In 1440 it was proved to be a forgery in a style of Latin not used until four centuries after the death of Constantine. But the damage was done. The Pope cited
it as his power to give Ireland to the Norman English, seeking to bring Ireland under his jurisdiction. So a poor eighth century forgery could be said to begin the political problems which have since dogged Ireland.
The Norman conquest of Ireland was not entirely successful as the development of a powerful state under a strong monarchy in England was very slow, so the help from England was not forthcoming as was hoped. Many of the Norman's became Gaelicised as did the Normans in Scotland. In Ireland the Normans became quite independent from their Anglicized cousins in England, such as the Fitzgerald Earls of Kildare, Desmonds, Butlers and Burkes etc.
KING ROBERT THE BRUCE'S QUEST FOR A GAELIC KINGDOM
In 1314 Robert the Bruce, King of Scots, fresh from triumph over the English at Bannockburn, after the death of the Scottish patriot Sir William Wallace, embarked on a project to create a united Gaelic kingdom of Scotland and Ireland, with his younger brother Edward Bruce as the King of Ireland. He was supported by a number of the Ulster chiefs who realized the advantage of uniting against their common enemy, the Crown of England. When Edward Bruce landed in Ulster in 1315 with six thousand troops from Scotland he was joined by five Ulster chieftains: O'Neill of Tirowen, O'Kane, Lord of Keenaght, O'Hanlon, whose territory was in the present County Armagh, O'Hagan of Tullaghogue in County Tyrone, and Mac Cartan of Kinelearty in County Down. In their first march south they sacked Dundalk and pushed as far as Ardec. After retreating to the north they marched south again, this time reaching Kildare.
Edward Bruce was crowned King of Ireland, but he made a tactical error by not marching on Dublin; instead he turned back to Ulster and made Carrickfergus Castle his headquarters. There he was joined by his brother Robert with a large army; together they marched south destroying the monastery at Downpatrick and sacking Greencastle. They thrust deep into the southwest of Ireland, but although they were at Castleknock on the outskirts of Dublin, again it was decided not to attack the city and instead they turned back to Carrickfergus. When Edward Bruce marched south once again the Crown had had time to consolidate its forces; moreover, the Pope, who championed the English king, had excommunicated Bruce and his allies, thereby undermining the support of the Irish chieftains** (see
below). In 1318 an army with the Primate Archbishop of Armagh at its head defeated Edward Bruce's forces near Dundalk, Edward was killed where he had been
crowned King of Ireland two years earlier. Robert the Bruce's dream of a Gaelic kingdom in Ireland was ended, but not the desire of the Ulster chieftains to rid themselves of the Anglo-Norman presence.

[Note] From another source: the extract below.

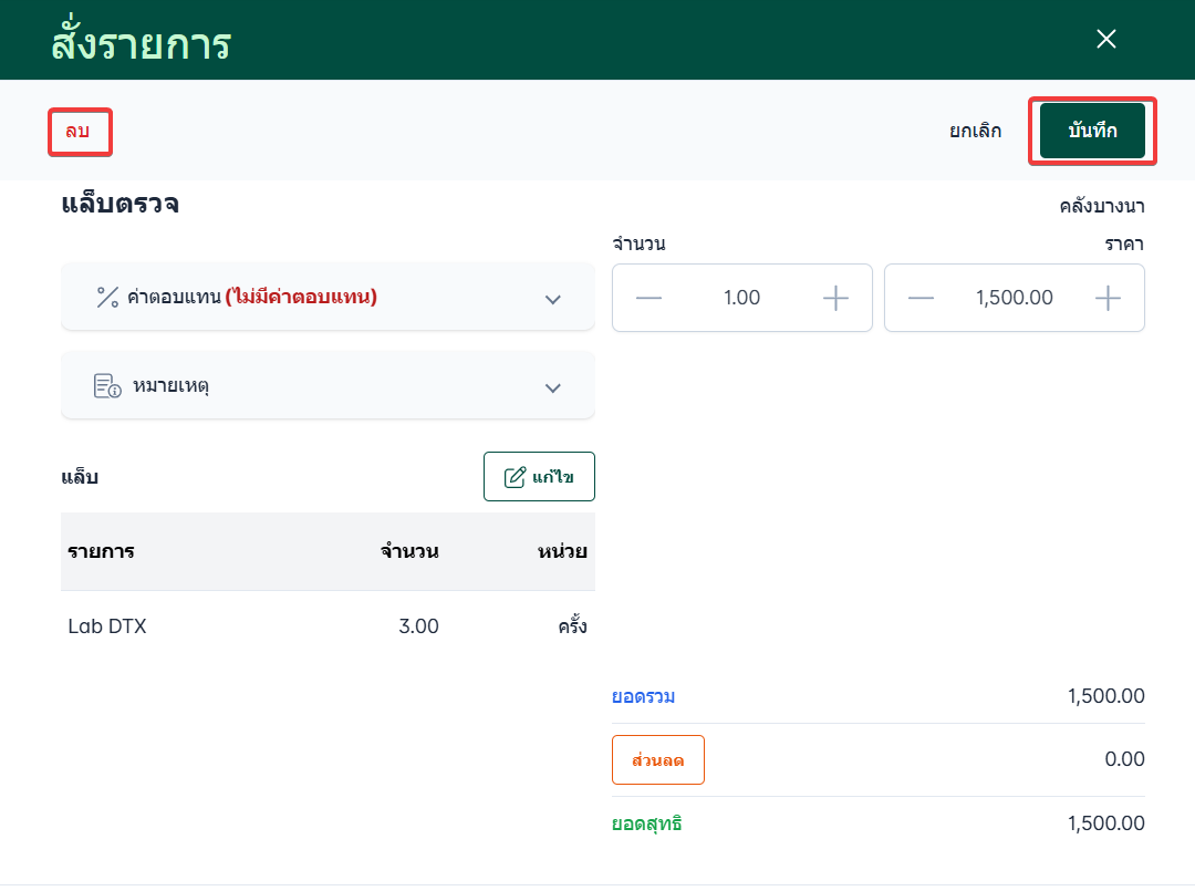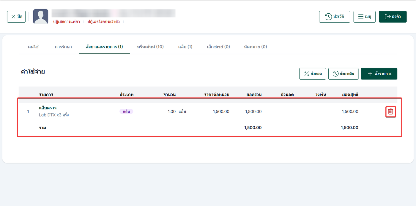 ผู้ใช้งานสามารถ ลบรายการที่สั่ง ได้ หากยังไม่ได้ส่งตรวจ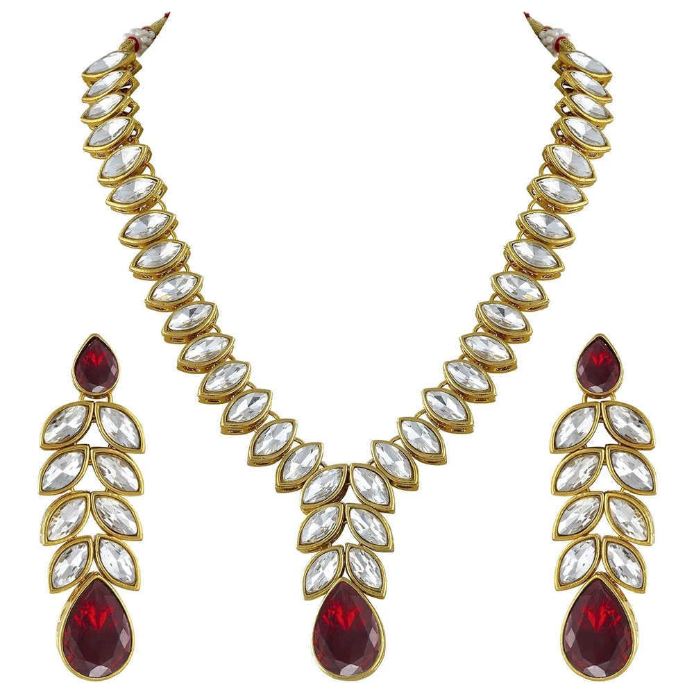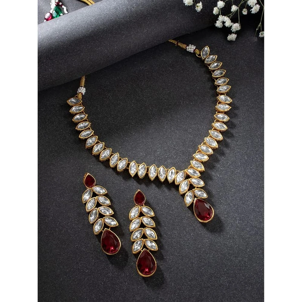 Aheli Gold Plated Traditional Crystal Studded Long Necklace Earrings Jewellery Set Gift for Women Product Details Color: Maroon Crystal Studded Brand: Aheli MPN: AH-PF24N15 UPC: Does not apply EAN: Does not apply Item model number : AH-PF24N15 Department : womens Date First Available : March 9, 2022 Brand, Seller, or Collection Name: Aheli Metal stamp: no metal stamp Metal: No Metal Type Material: Zinc Gem Type: No Gemstone Item Length: 7.87 inches Clasp: Lobster Clasp Number of stones: 5

**A tactic used by the Papacy many times. Ironically Robert the Bruce had the support of the Pope in his struggle with Edward I of England. The Papacy played politics in a similar way when William the Conqueror, Duke of Normandy, made claim to inherit the English throne in 1066. William had secured the blessing of the Pope and an excommunication of Harold II, the then King of England. William kept the excommunication from Harold until Harold's campaign in York was finished and used it to destroy his political base in England. Later in history we have another example of the Papacy playing politics in the affairs of Ireland and of Great Britain. During the struggle for the Crown between James VII & II and William of Orange (William III, who was also James' nephew and son-in-law) there were a number of battles that culminated in the Battle of the Boyne (1690), where James was defeated by William. It is assumed that the Pope would have supported the Catholic James, but this was not the case. The fact is that the Pope, because of shifting European alliances, actually favoured William against James, a fact that has been conveniently forgotten by both sides.
With the migration of different peoples into the British Isles from Europe there was inevitably going to be conflict. Sometimes the assimilation developed almost
naturally as with the Scots and Picts (Cruithne). When the Angles and then the Normans moved into Scotland they became Scots. This is made clear when Robert the Bruce, who was of Norman descent, made it quite clear that he considered himself a Scot even though when he fought against the English, he fought against many of Norman descent also. The same situation developed in Ireland when many Vikings and Normans invaded and then settled down and became in many cases more Irish than the Irish. This not surprising as many historians have pointed out that the people who settled in the British Isles are ethnically / racially the same, and when they spilt blood it was that of a kinsman.
As you read the different portions of the book it is hoped you will be encouraged to do your own research in any of the books that have been recommended. The
study of history reveals the basis of what is going on today and it is hoped this will give you, the reader, an appreciation of the depth of the heritage we have. Even
though the Celts in the British Isles succumbed to the more powerful Germanic tribes it is surprising how much the 'invaders' embraced Celtic culture, and today the
Queen of the United Kingdom of Great Britain, Elizabeth I of Scotland & England II, is of the great royal houses of Ireland, Scotland, the Netherlands, Norway and other Brito-Scandinavian royal houses..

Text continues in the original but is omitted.